I just finished the fourth book of this five book series which is what is inspiring this multi-novel review.  In I Shall Wear Midnight, Tiffany is now fifteen and a full witch with her own steading on the Chalk where she grew up.  Witches have always been a subject of suspicion on the Chalk, but things are growing worse.  Things come to a head when the old baron dies and Tiffany is accused of murder.  Proving her innocence would have been an interesting enough read, but Pratchett really outdid himself tackling the underlying issue of mob mentality and how “poison goes where poison’s welcome.”

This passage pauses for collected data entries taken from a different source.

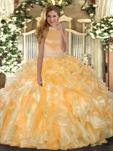 Halter Top Sleeveless Quince Ball Gowns Floor Length Beading and Ruffles Gold Organza
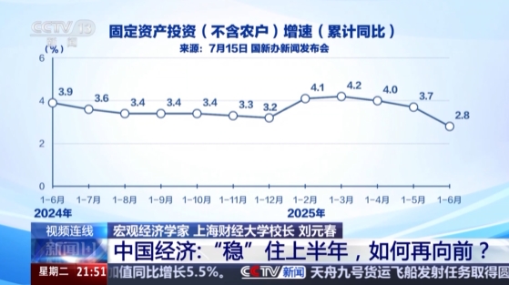 7月15日,国家统计局公布2025年上半年中国经济数据。初步核算,上半年国内生产总值660536亿元,按不变价格计算,同比增长5.3%。下半年,中国经济如何继续保持稳中有进的发展态势?《新闻1+1》本期关注:中国经济“稳”住上半年,如何再向前?
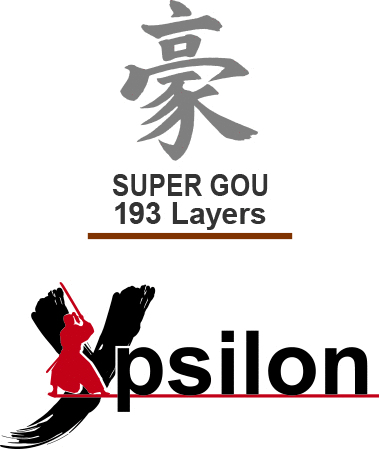 Super Gou Ypsilon Klingen bestehen im Schnittkern aus japanischen SG2 Mikrocarbid Pulverstahl. Dieser Pulverstahlkern beinhaltet viel Kohlenstoff und erreicht dadurch eine außergewöhnliche Härte von 63 Grad Rockwell (HRC). Ummantelt wird der Kern von 192 abwechselnd weichen und harten Edelstahlschichten. Die Klingen bestehen somit aus 193 Lagen.
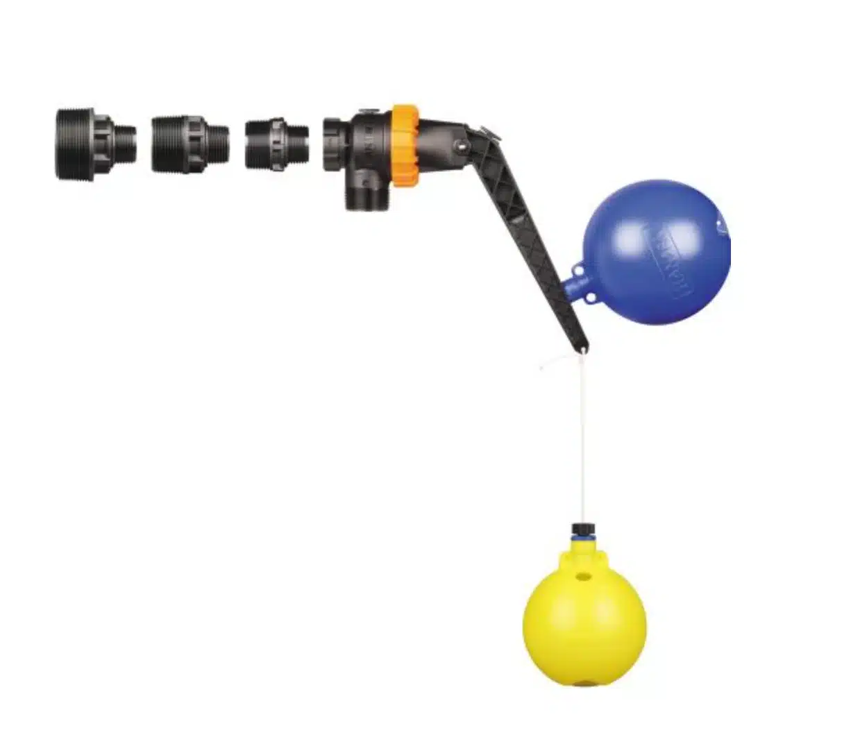 - Valve supplied with glass fibre reinforced nylon valve body and 32, 40, 50mm standard adaptors, leveller control, 115mm weighted HiViz Threaded Ball, 140mm blue threaded float, 2.5 metre cord.

Terry Pratchett was a canny observer of human nature.  He is hilarious in his observations and satires of how people interact, though always in a way that showed his gentle love for flawed-but-still-trying humans.  I have loved everything about this YA series so far, and I’m anxious to read the fifth and final Tiffany Aching novel.  I don’t rate things five birdies often or lightly, but each book in this series is an absolute gem.  If you’re new to Pratchett, the Tiffany Aching series is an easy and exemplary place to start.  If you’re already familiar with Pratchett’s adult Discworld novels, what are you waiting for???




Note:  I read the first novel in the series and listened to the audio version of the others.  The stories hold up in either format, but Stephen Briggs’s narration is a wonder of characterization.  I got lots of stares when I burst out laughing in the middle of the grocery store.

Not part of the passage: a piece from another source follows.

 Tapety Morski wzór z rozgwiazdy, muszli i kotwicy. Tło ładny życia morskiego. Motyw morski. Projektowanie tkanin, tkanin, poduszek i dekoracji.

"Another world is colliding with this one," said the toad. "All the monsters are coming back."

"Why?" said Tiffany.

"There's no one to stop them."

There was silence for a moment.

Then Tiffany said, "There's me."


Armed only with a frying pan and her common sense, Tiffany Aching, a young witch-to-be, is all that stands between the monsters of Fairyland and the warm, green Chalk country that is her home. Forced into Fairyland to seek her kidnapped brother, Tiffany allies herself with the Chalk's local Nac Mac Feegle - aka the Wee Free Men - a clan of sheep-stealing, sword-wielding, six-inch-high blue men who are as fierce as they are funny. Together they battle through an eerie and ever-shifting landscape, fighting brutal flying fairies, dream-spinning dromes, and grimhounds - black dogs with eyes of fire and teeth of razors - before ultimately confronting the Queen of the Elves, absolute ruler of a world in which reality intertwines with nightmare. And in the final showdown, Tiffany must face her cruel power alone...

In a riveting narrative that is equal parts suspense and humor, Carnegie Medalist Terry Pratchett returns to his internationally popular Discworld with a breathtaking tale certain to leave fans, new and old, enthralled.